EXERCISE
Transcribe every entry that follows, word for word, and omit the images.

DATA EXCERPTS
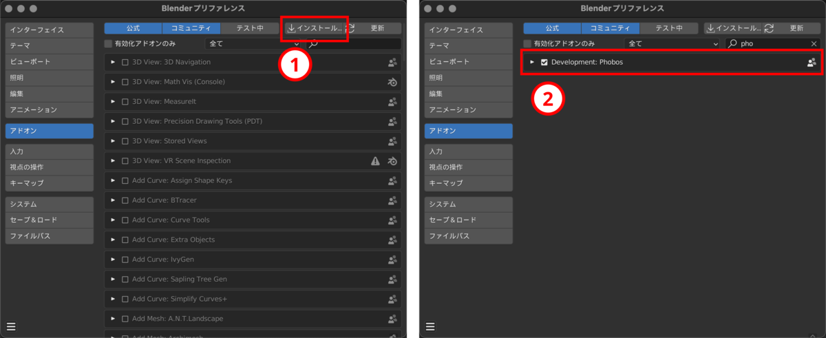 - Phobosのアドオンが表示されるのでチェックをいれる。
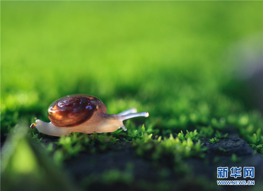 夏日黄昏,正是蜗牛活跃的时候。在云南省西双版纳傣族自治州野外、庭院角落,蜗牛出动徜徉在草丛、苔藓间,享受着夏日的时光。特别是在夕阳的映照下,蜗牛的身子也变得透明起来,甚是可爱。新华网发(李云生 摄)
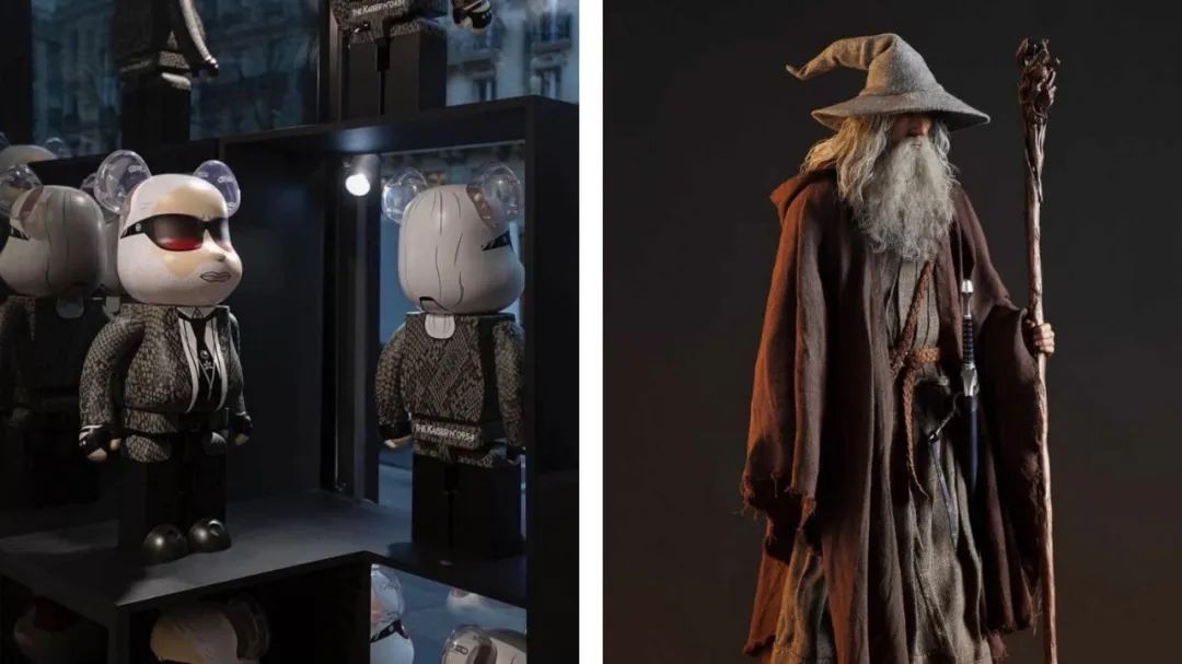 左(潮玩):BE@RBRICK《THE KAISER》1000%,高约70cm;右(手办):Queen Studios《甘道夫(灰袍)1/6收藏可动人偶》,真实布料、金属、PVC、ABS、羊毛、印刷品,高约30cm
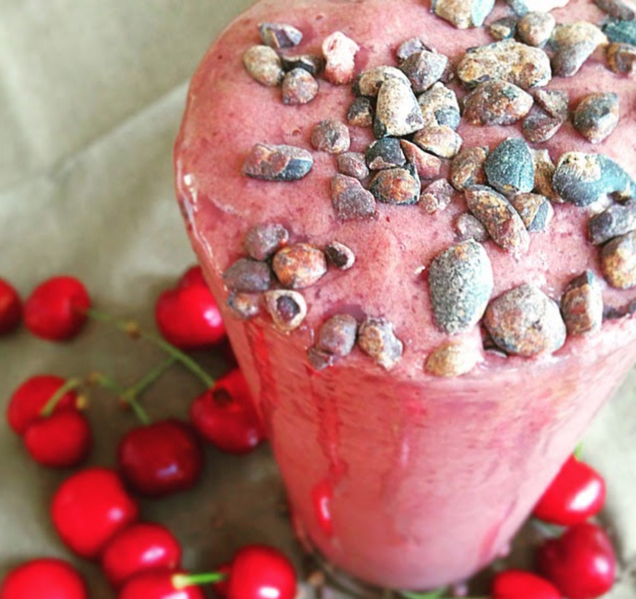 Blend all ingredients with a cup of ice & top with toasted, shredded coconut, banana, cacao
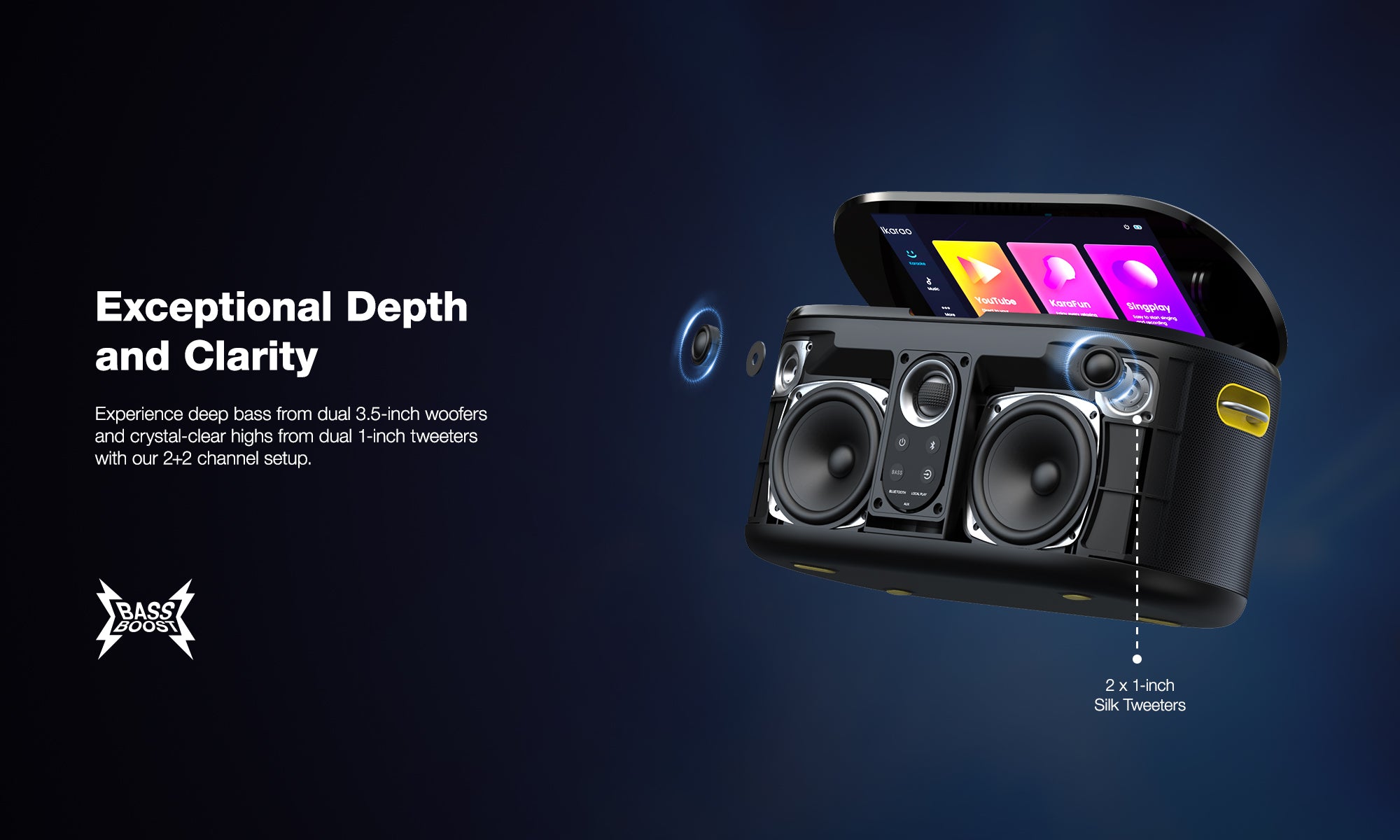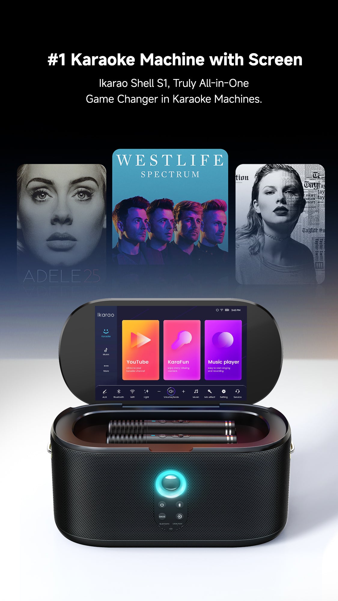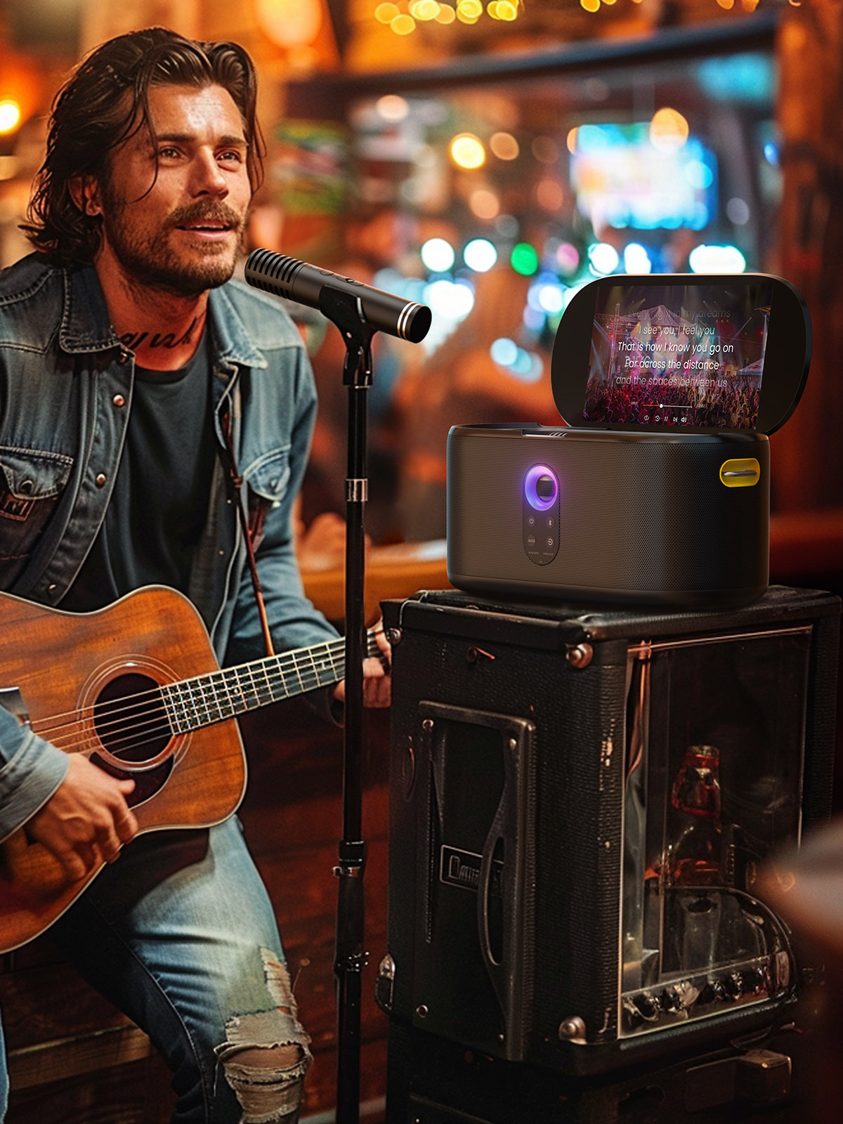Ikarao S1 enhances your parties with high-quality sound and portability. Its 8-inch touchscreen lets everyone sing along, and the long-lasting battery keeps the fun going.

EXERCISE ANSWER
 - Phobosのアドオンが表示されるのでチェックをいれる。
 夏日黄昏,正是蜗牛活跃的时候。在云南省西双版纳傣族自治州野外、庭院角落,蜗牛出动徜徉在草丛、苔藓间,享受着夏日的时光。特别是在夕阳的映照下,蜗牛的身子也变得透明起来,甚是可爱。新华网发(李云生 摄)
 左(潮玩):BE@RBRICK《THE KAISER》1000%,高约70cm;右(手办):Queen Studios《甘道夫(灰袍)1/6收藏可动人偶》,真实布料、金属、PVC、ABS、羊毛、印刷品,高约30cm
 Blend all ingredients with a cup of ice & top with toasted, shredded coconut, banana, cacao
Ikarao S1 enhances your parties with high-quality sound and portability. Its 8-inch touchscreen lets everyone sing along, and the long-lasting battery keeps the fun going.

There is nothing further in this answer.